Marcel Mauss held that the attempt to create a free market for private contracts is utopian and just as unrealizable as its antithesis, a collective based solely on altruism. Human institutions everywhere are founded on the unity of individual and society, freedom and obligation, self-interest and concern for others. Modern capitalism thus rests on an unsustainable attachment to one of these poles. The pure types of selfish and generous economic action obscure the complex interplay between our individuality and belonging in subtle ways to others. If learning to be two-sided is the means of becoming human, then the lesson is apparently hard to learn. Each of us embarks on a journey outward into the world and inward into the self. Society is mysterious to us because we have lived in it and it now dwells inside us at a level that is not ordinarily visible from the perspective of everyday life. All the places we have lived in are sources of introspection concerning our relationship to society; and one method for understanding the world is to make an ongoing practice of trying to synthesize these varied experiences. If a person would have an identity — would be one thing, one self – this requires trying to make out of fragmented social experience a more coherent whole, a world in other words as singular as the self.

Kant is the source for the notion that society may be as much an expression of individual subjectivity as a collective force out there. Copernicus solved the problem of the movement of the heavenly bodies by having the spectator revolve while they were at rest, instead of them revolve around the spectator. Kant extended this achievement for physics into metaphysics. In his Preface to The Critique of Pure Reason he writes,

Hitherto it has been assumed that all our knowledge must conform to objects… but what if we suppose that objects must conform to our knowledge?

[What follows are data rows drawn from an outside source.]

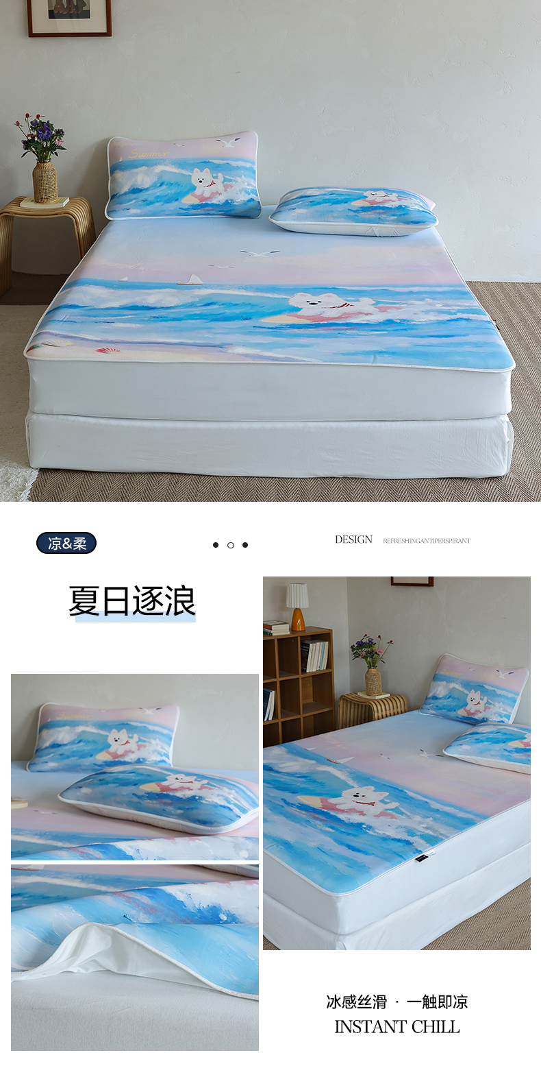 (总)三味舒屋 2026新款 凉感抗菌防螨印花冰丝养生席(新升级7A抗菌),花非花 床席,花非花 床笠,雾非雾 床席,雾非雾 床笠
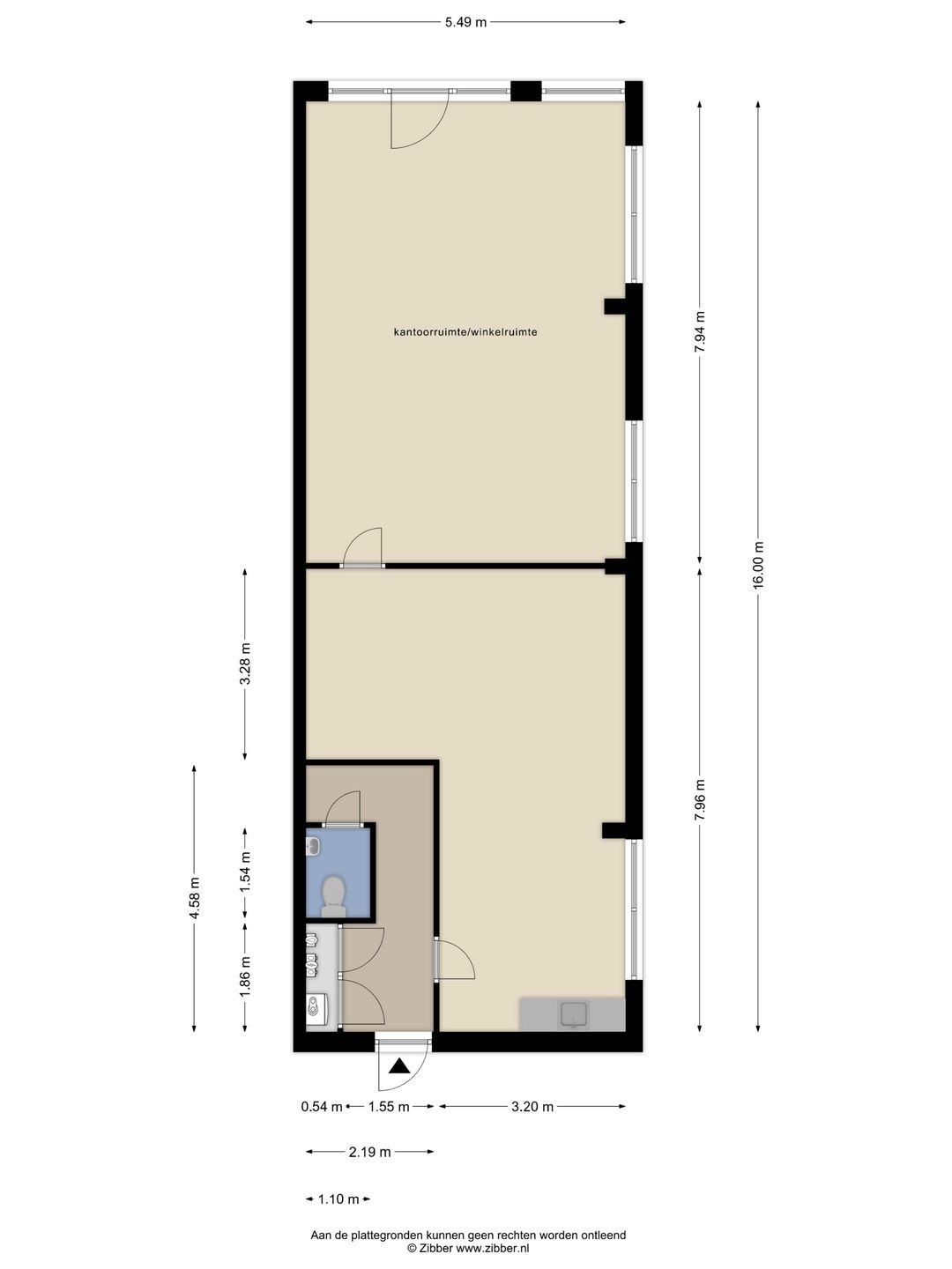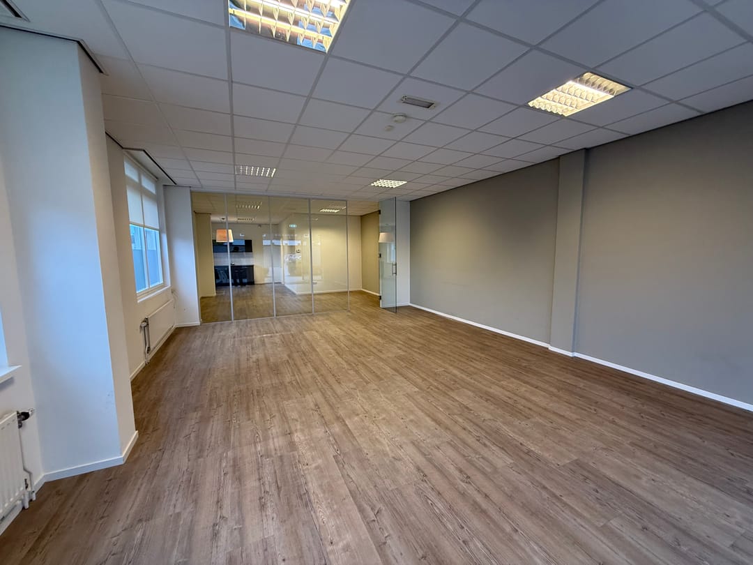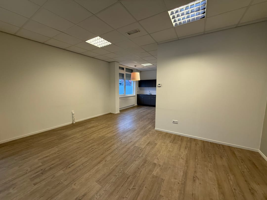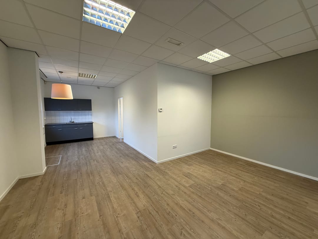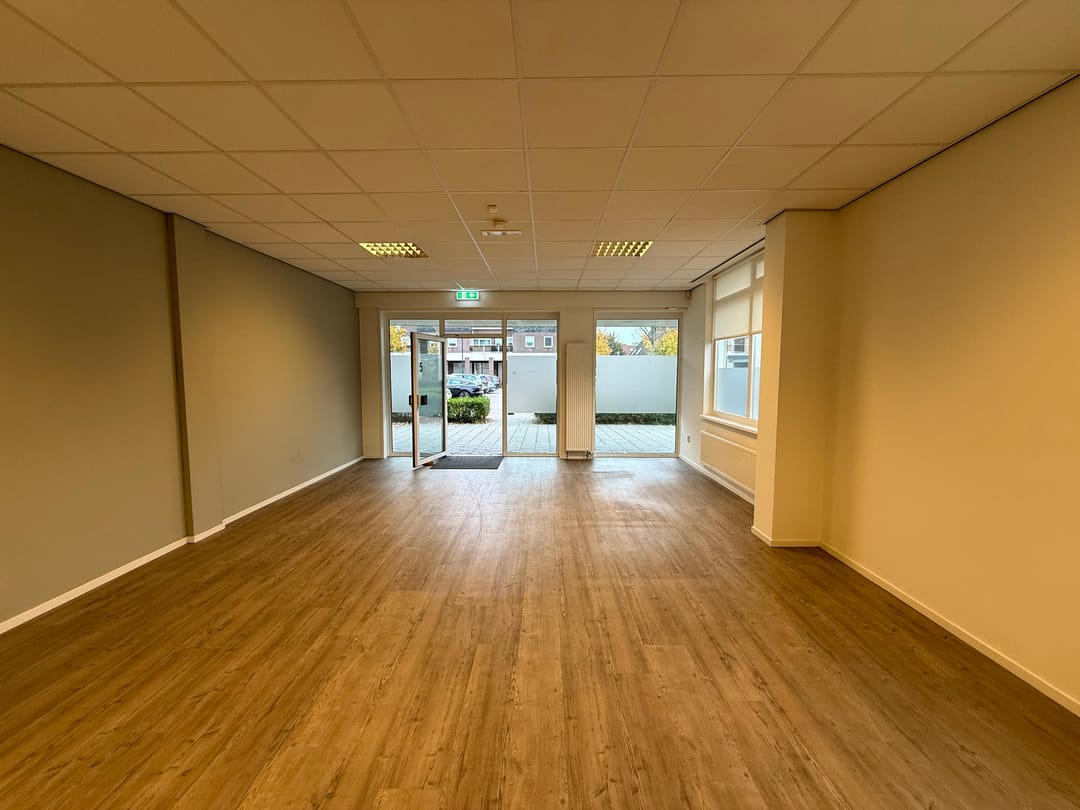 Entree, open kantoor/winkelruimte welke is opgesplitst middels een glazen wand, pantry, toilet en achteringang naar parkeerterrein.
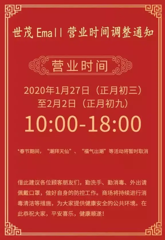 特殊时期 营业时间暂调整为10:00-18:00
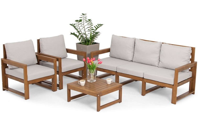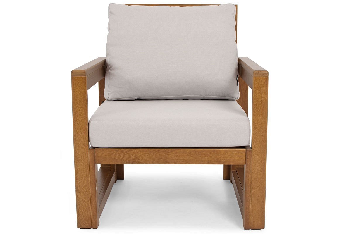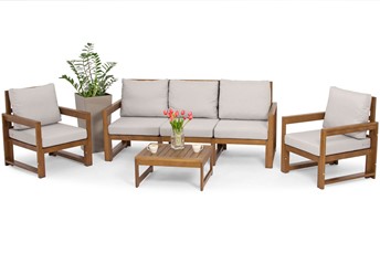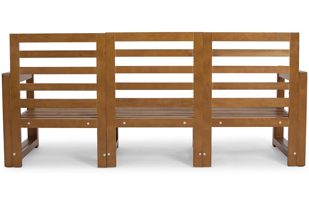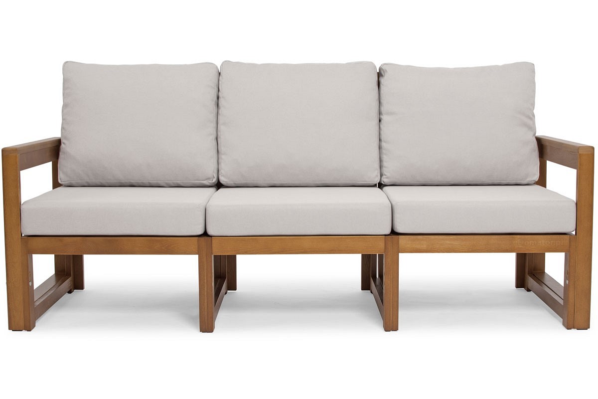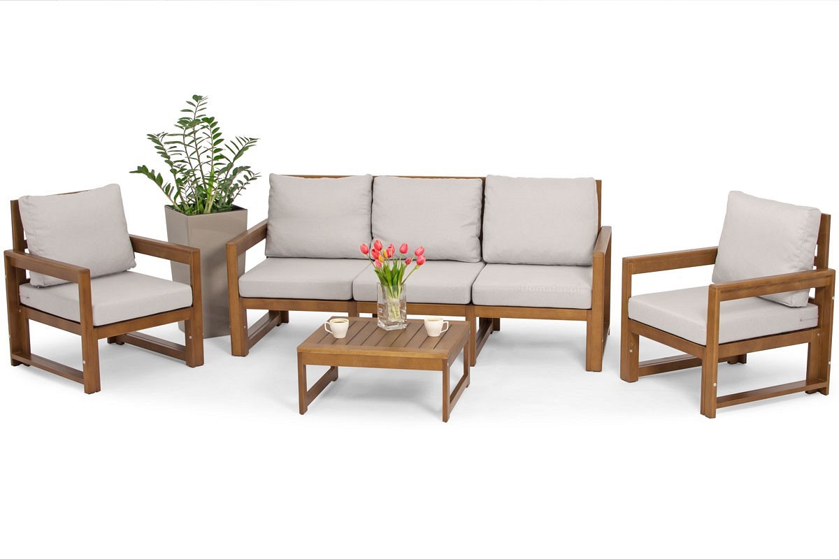 Drewniany zestaw ogrodowy MALTA o klasycznym kształcie dla 5 osób. W skład zestawu wchodzi sofa 3-osobowa, dwa fotele i niski stolik kawowy oraz grube poduszki na krzesłach i oparciach. Meble z naturalnego drewna są idealne do wnętrz boho i rustykalnych. Nowoczesna sofa ogrodowa w minimalistycznym stylu skandynawskim to połączenie naturalnych materiałów i klasycznego kształtu ławki. Drewniane meble doskonale sprawdzą się w nasłonecznionych częściach ogrodu, tarasu czy balkonu. Funkcjonalne fotele są bardzo wygodne i stabilne, posiadają ryflowane siedziska, które wyglądają bardzo elegancko nawet po wyjęciu poduszek. Uzupełnieniem zestawu jest niska ławka, która może służyć jako podnóżek. Jasnobrązowe drewniane ramy pięknie komponują się z jasnymi poduszkami. Konstrukcja jest bardzo wytrzymała dzięki wewnętrznym nóżkom, więc maksymalne obciążenie na jedno siedzisko to 120 kg. Meble MALTA wykonane są z wysokiej jakości drewna, impregnowanego i malowanego specjalną farbą odporną na warunki atmosferyczne i pleśń. Wyraźna struktura drewna nadaje niepowtarzalny charakter aranżacji balkonów, tarasów czy ogrodów.

In order to understand the world, we must begin not with the empirical existence of objects, but with the reasoning embedded in our experience itself and in all the judgments we have made. This is to say that the world is inside each of us as much as it is out there. Our task is to unite the two poles as subjective individuals who share the object world with the rest of humanity. Knowledge of society must be personal and moral before it is defined by the laws imposed on each of us from above.

Kant’s achievement was soon overthrown by a counter-revolution that identified society with the state. This was launched by Hegel in The Philosophy of Right and it was only truly consummated after the First World War. As a result, the personal was separated from the impersonal, the subject from the object, humanism from science. Twentieth-century society was conceived of as an impersonal mechanism defined by international division of labour, national bureaucracy and scientific laws understood only by experts. Not surprisingly, most people felt ignorant and impotent in the face of such a society. Yet, we have never been more conscious of ourselves as unique personalities who make a difference. That is why questions of identity are so central to politics today.

Money in capitalist societies stands for alienation, detachment, impersonal society, the outside; its origins lie beyond our control (the market). Relations marked by the absence of money are the model of personal integration and free association, of what we take to be familiar, the inside (home). This institutional dualism, forcing individuals to divide themselves, asks too much of us. People want to integrate division, to make some meaningful connection between themselves as subjects and society as an object. It helps that money, as well as being the means of separating public and domestic life, was always the main bridge between the two. That is why money must be central to any attempt to humanize society. Today it is both the principal source of our vulnerability in society and the main practical symbol allowing each of us to make an impersonal world meaningful.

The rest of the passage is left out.